### DATA BELOW
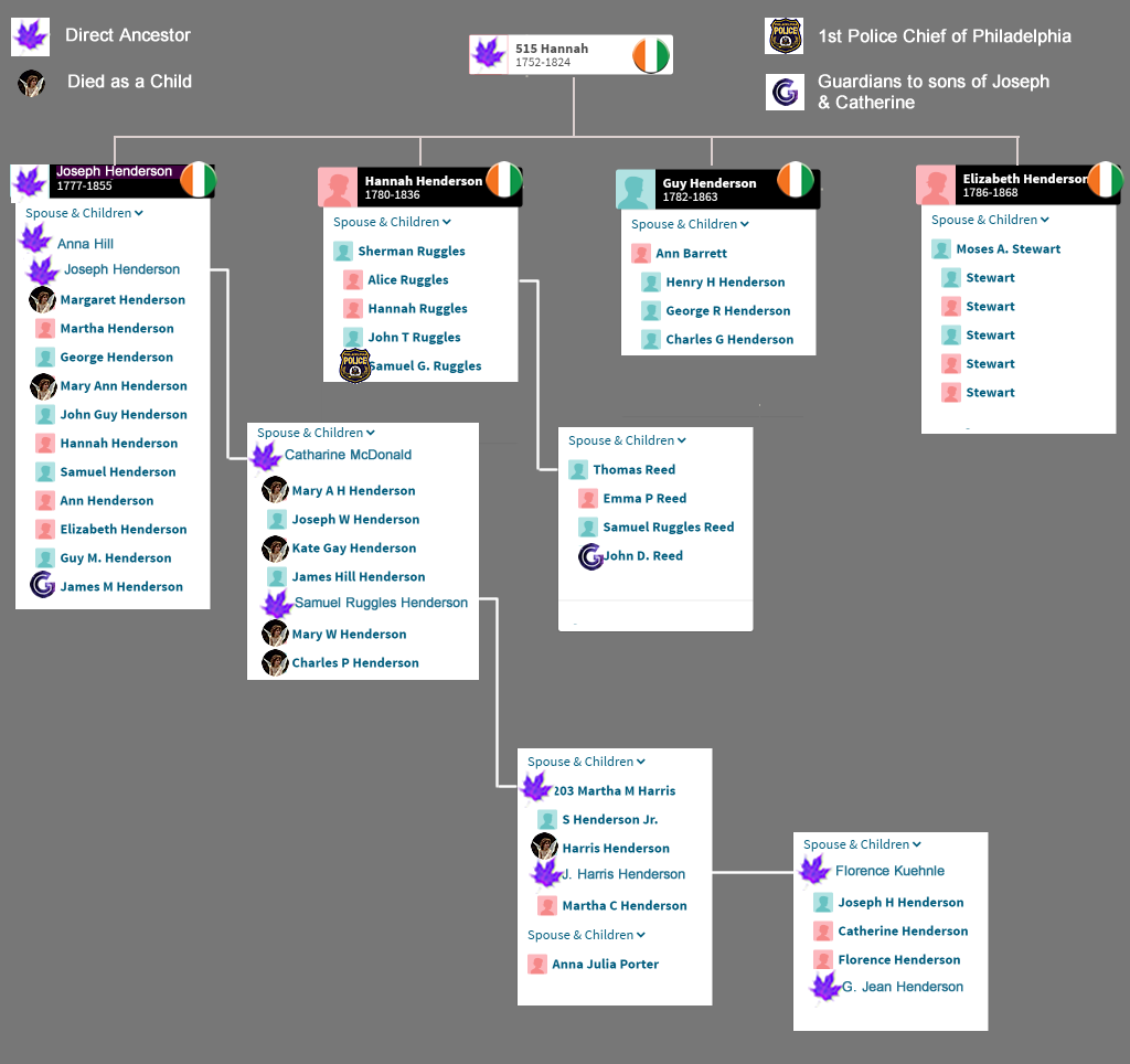 b. May 1777, Tyrone Co. Ireland | b. 25 Jan 1778, Philadelphia | b. Abt. 1801, Philadelphia | b. Abt. 1808. Philadelphia | |||
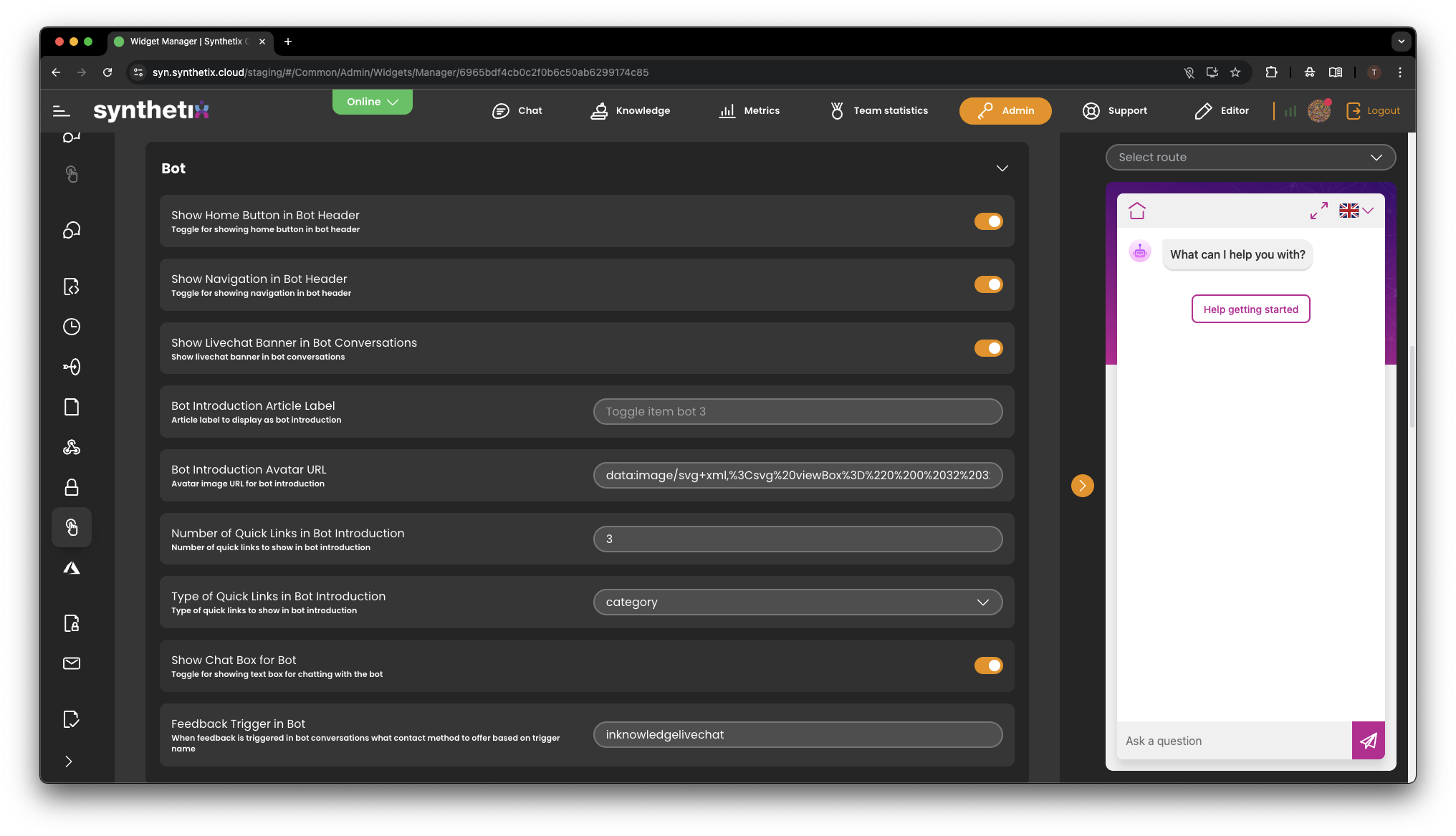 The new Admin section also gives you control over how the chatbot behaves.
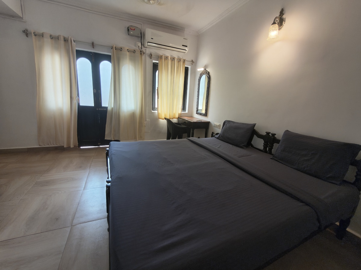 Habitación de lujo ultraespaciosa con piscina en el centro de Calangute ¡Disfruta de Goa con estilo! Esta cálida, espaciosa y elegante habitación de lujo totalmente amueblada está ubicada en el corazón de Calangute, con una refrescante piscina. Disfruta de un dormitorio grande con baño privado adjunto y amplio espacio para relajarte. La famosa playa de Calangute está a pocos pasos y ofrece unas vistas fantásticas. Playa de Calangute: 1,4 km Playa de Baga: 3,3 km Playa de Anjuna: 7,7 km

### PROBLEM DETAILS
Your job is to repeat the data exactly, leaving each picture out.

### TASK ANSWER
 b. May 1777, Tyrone Co. Ireland | b. 25 Jan 1778, Philadelphia | b. Abt. 1801, Philadelphia | b. Abt. 1808. Philadelphia | |||
 The new Admin section also gives you control over how the chatbot behaves.
 Habitación de lujo ultraespaciosa con piscina en el centro de Calangute ¡Disfruta de Goa con estilo! Esta cálida, espaciosa y elegante habitación de lujo totalmente amueblada está ubicada en el corazón de Calangute, con una refrescante piscina. Disfruta de un dormitorio grande con baño privado adjunto y amplio espacio para relajarte. La famosa playa de Calangute está a pocos pasos y ofrece unas vistas fantásticas. Playa de Calangute: 1,4 km Playa de Baga: 3,3 km Playa de Anjuna: 7,7 km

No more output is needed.